Exactly retype the lines below from the one containing "Sommando i contributi" through the end of the listing. Leave pictures out.

Top of Recorded data

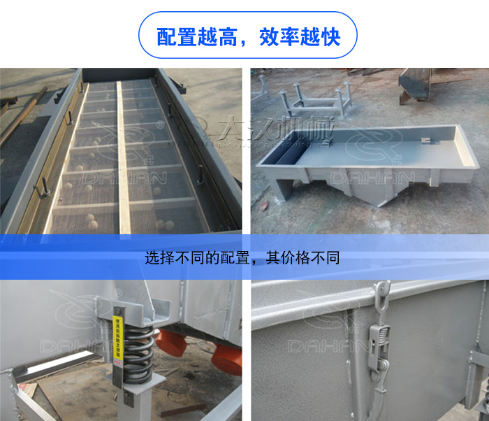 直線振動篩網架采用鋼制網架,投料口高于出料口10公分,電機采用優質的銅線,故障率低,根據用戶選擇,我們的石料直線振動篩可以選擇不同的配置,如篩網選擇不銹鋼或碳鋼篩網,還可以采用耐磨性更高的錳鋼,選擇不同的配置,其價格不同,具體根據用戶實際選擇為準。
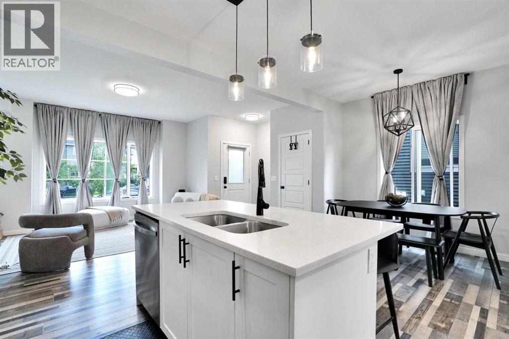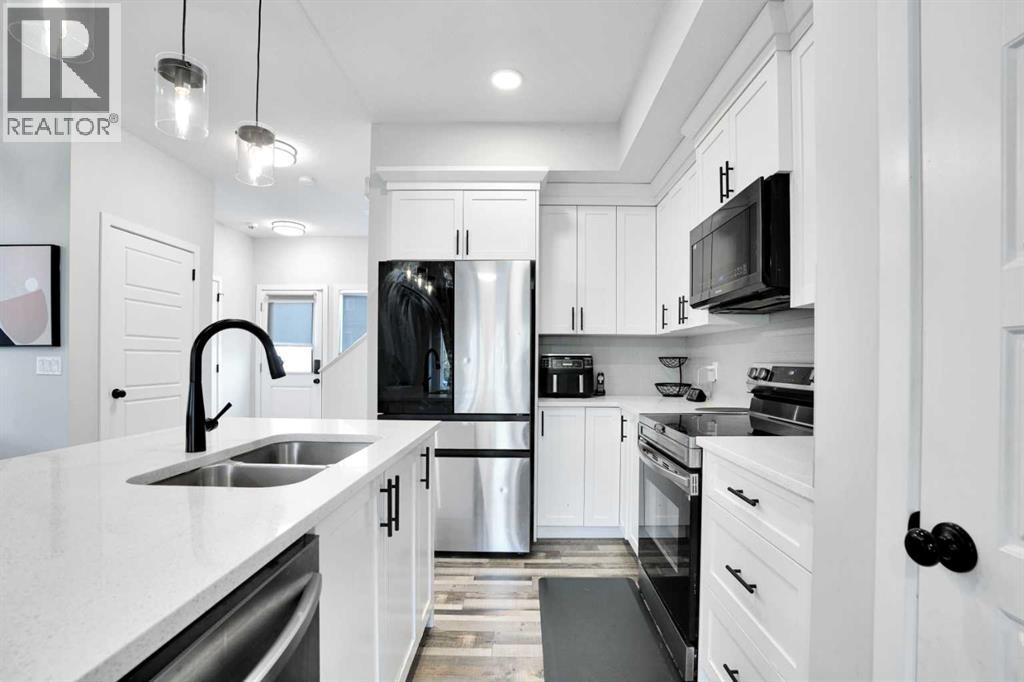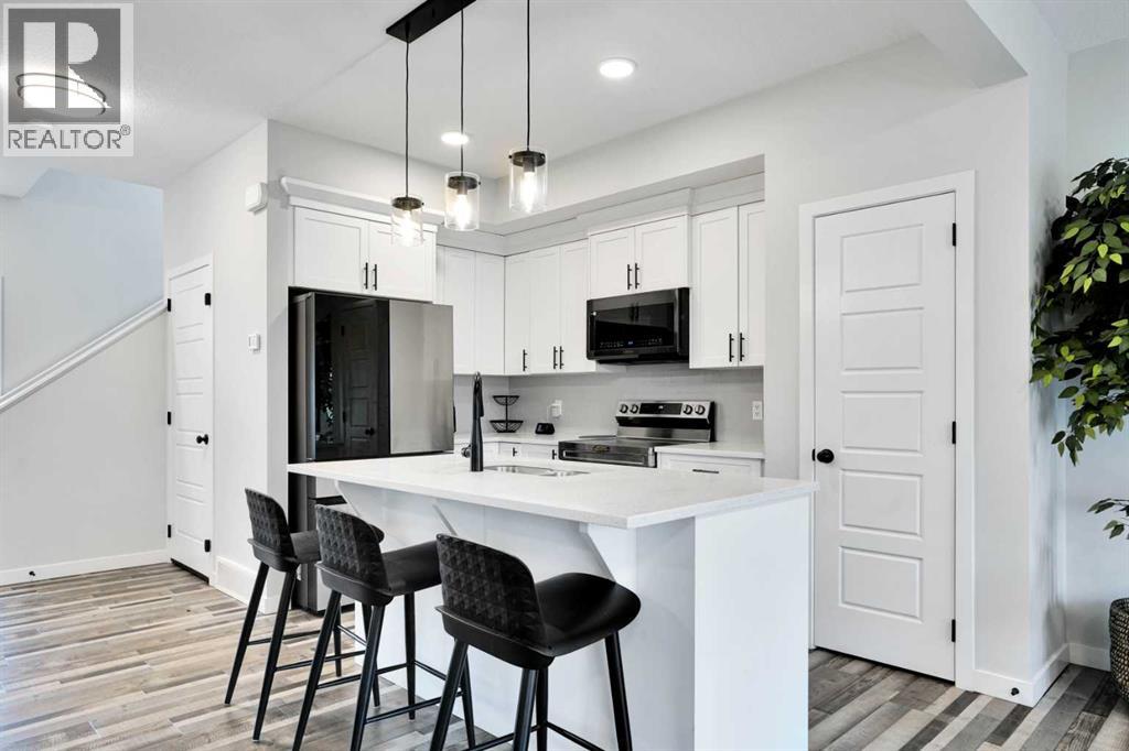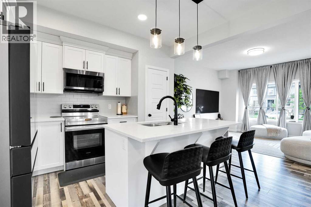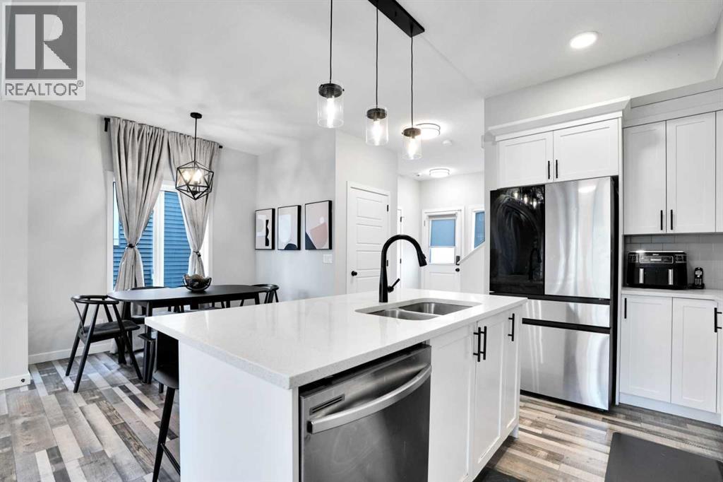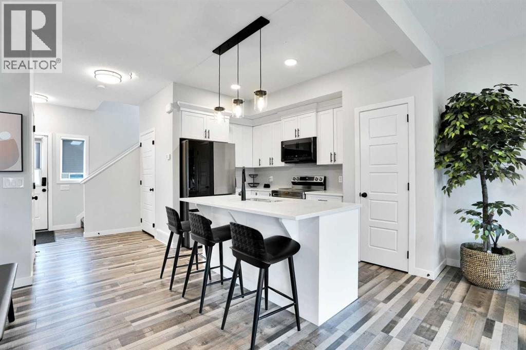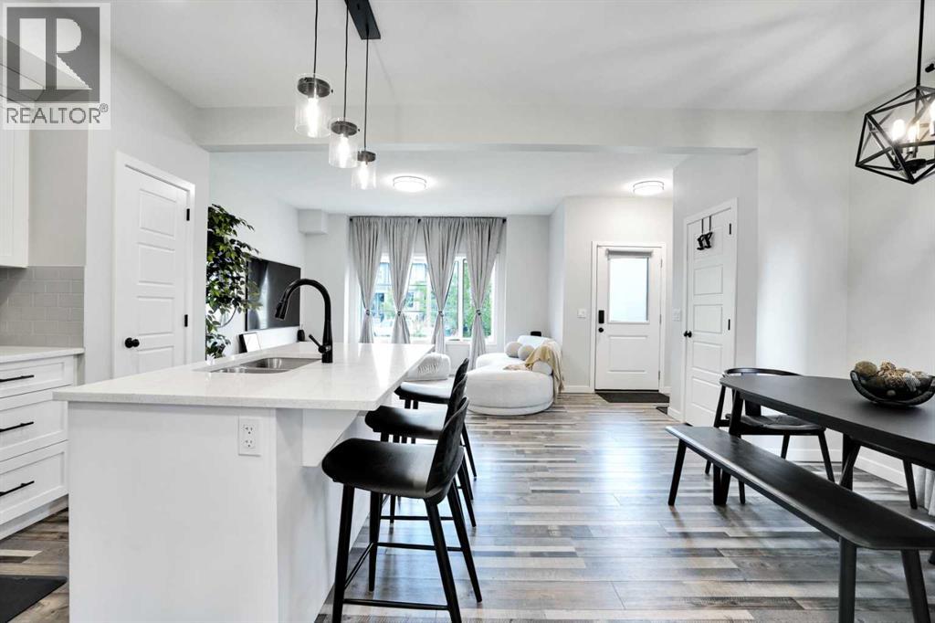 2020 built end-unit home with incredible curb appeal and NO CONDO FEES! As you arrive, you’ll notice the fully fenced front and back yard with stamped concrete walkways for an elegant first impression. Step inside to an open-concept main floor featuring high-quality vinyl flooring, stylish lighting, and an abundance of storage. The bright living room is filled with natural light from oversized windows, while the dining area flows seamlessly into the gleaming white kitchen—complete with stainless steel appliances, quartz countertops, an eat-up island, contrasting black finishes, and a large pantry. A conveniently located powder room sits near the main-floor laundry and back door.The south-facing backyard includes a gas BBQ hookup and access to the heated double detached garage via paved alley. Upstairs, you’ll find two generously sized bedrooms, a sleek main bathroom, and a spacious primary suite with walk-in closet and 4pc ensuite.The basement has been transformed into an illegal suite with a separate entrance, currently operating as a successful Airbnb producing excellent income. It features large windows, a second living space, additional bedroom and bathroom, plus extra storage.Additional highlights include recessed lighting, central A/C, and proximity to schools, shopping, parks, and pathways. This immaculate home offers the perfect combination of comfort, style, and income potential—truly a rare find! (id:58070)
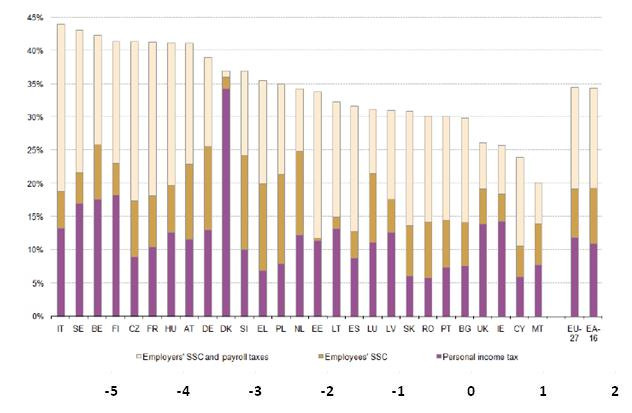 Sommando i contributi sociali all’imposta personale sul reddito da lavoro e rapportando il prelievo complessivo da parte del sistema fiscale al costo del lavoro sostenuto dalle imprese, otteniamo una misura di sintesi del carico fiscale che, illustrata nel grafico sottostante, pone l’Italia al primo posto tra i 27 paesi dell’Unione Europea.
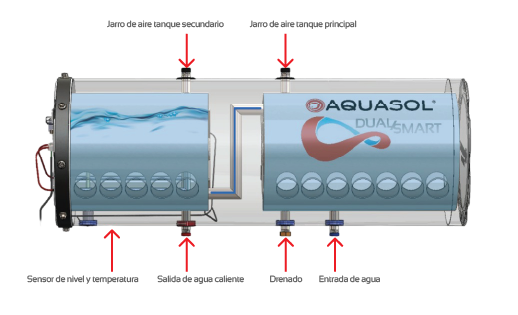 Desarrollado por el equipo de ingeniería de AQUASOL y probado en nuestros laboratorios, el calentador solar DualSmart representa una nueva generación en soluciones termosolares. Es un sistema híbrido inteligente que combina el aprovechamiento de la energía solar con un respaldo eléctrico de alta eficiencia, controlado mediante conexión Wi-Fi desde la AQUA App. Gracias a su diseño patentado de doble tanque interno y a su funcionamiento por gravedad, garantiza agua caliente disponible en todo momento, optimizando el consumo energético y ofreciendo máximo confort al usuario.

Bottom of Recorded data

# Exercise answer:
 Sommando i contributi sociali all’imposta personale sul reddito da lavoro e rapportando il prelievo complessivo da parte del sistema fiscale al costo del lavoro sostenuto dalle imprese, otteniamo una misura di sintesi del carico fiscale che, illustrata nel grafico sottostante, pone l’Italia al primo posto tra i 27 paesi dell’Unione Europea.
 Desarrollado por el equipo de ingeniería de AQUASOL y probado en nuestros laboratorios, el calentador solar DualSmart representa una nueva generación en soluciones termosolares. Es un sistema híbrido inteligente que combina el aprovechamiento de la energía solar con un respaldo eléctrico de alta eficiencia, controlado mediante conexión Wi-Fi desde la AQUA App. Gracias a su diseño patentado de doble tanque interno y a su funcionamiento por gravedad, garantiza agua caliente disponible en todo momento, optimizando el consumo energético y ofreciendo máximo confort al usuario.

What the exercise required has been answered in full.